To build a bind_param dynamically, I have found this on other SO posts.
call_user_func_array(array(&$stmt, 'bindparams'), $array_of_params);
Can someone break this down in plain english for me? I get especially lost that the first argument is an array.
array(&$stmt, 'bindparams')
is PHP's way of identifying method bind_params on the object $stmt
you can see a similar example here
so
call_user_func_array(array(&$stmt, 'bindparams'), $array_of_params);
basically means
$stmt->bind_params($array_of_params[0], $array_of_params[1] ... $array_of_params[N])
There's a much simper way to do this.
create this prepared statement:
select * from mytable
where status = ? and (userid = ? or ?)
and (location = ? or ?)
order by `date` desc, time desc
limt ?
and pass the args to bind like this:
$stmt = $mysqli->prepare( [statement above] );
$stmt->bind_param( "siiiii",
"active", $userid, $userid == "ALL",
$location, $location == "ALL",
$limit);
The predicate (user_id = ? or ?) will be true when the user_id equals the first replaced parameter, or when the second replaced parameter is true.
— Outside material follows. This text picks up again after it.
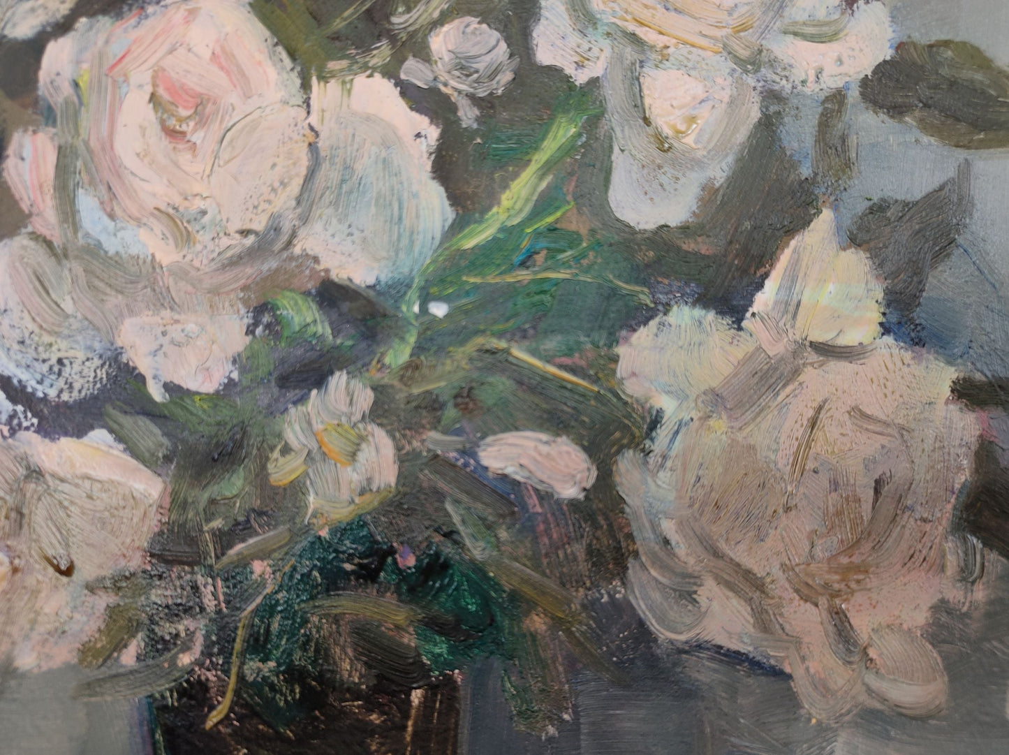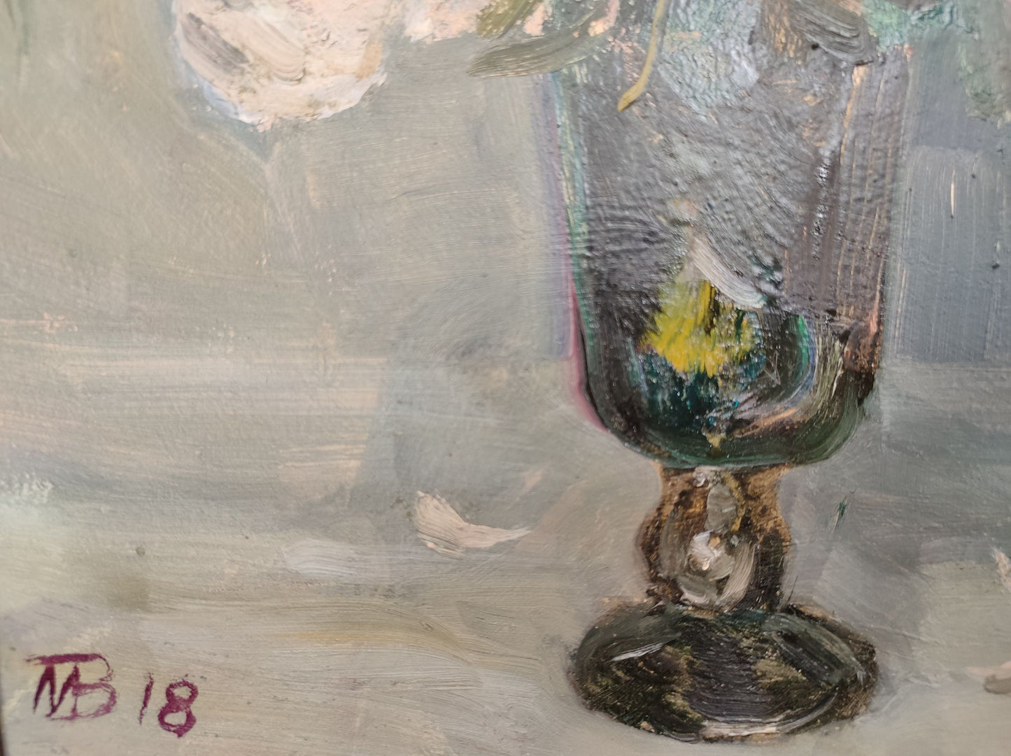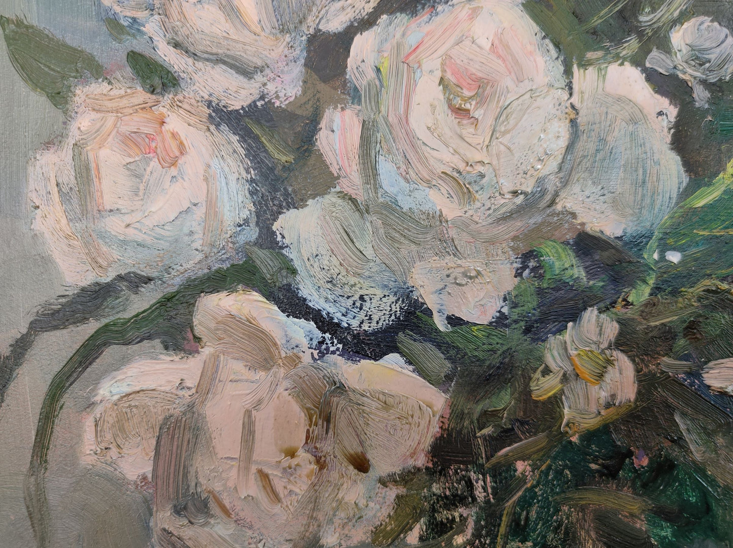 Through "White Peonies," Myshurovsky explores themes of natural beauty, purity, and the fleeting moments of life. The painting celebrates the elegance and complex structure of the flowers, symbolizing peace and the transient nature of beauty. The simple composition—focusing solely on the flowers and vase—suggests a deeper meditation on finding beauty in the ordinary and appreciating the simple pleasures and ephemeral moments in everyday life.

$user_id when converted to an int will be its value when it's a string representation of a number, or zero otherwise. The expression $userid == "ALL" will evaluate to a boolean, which will be passed to bind_param. We can't tell bind_param that a parameter is a boolean (the format string only understand string, int, double, and blob), so bind_param will convert the boolean to an int, which works for us.
As long as no user_id or location_id in the database is zero, you're fine.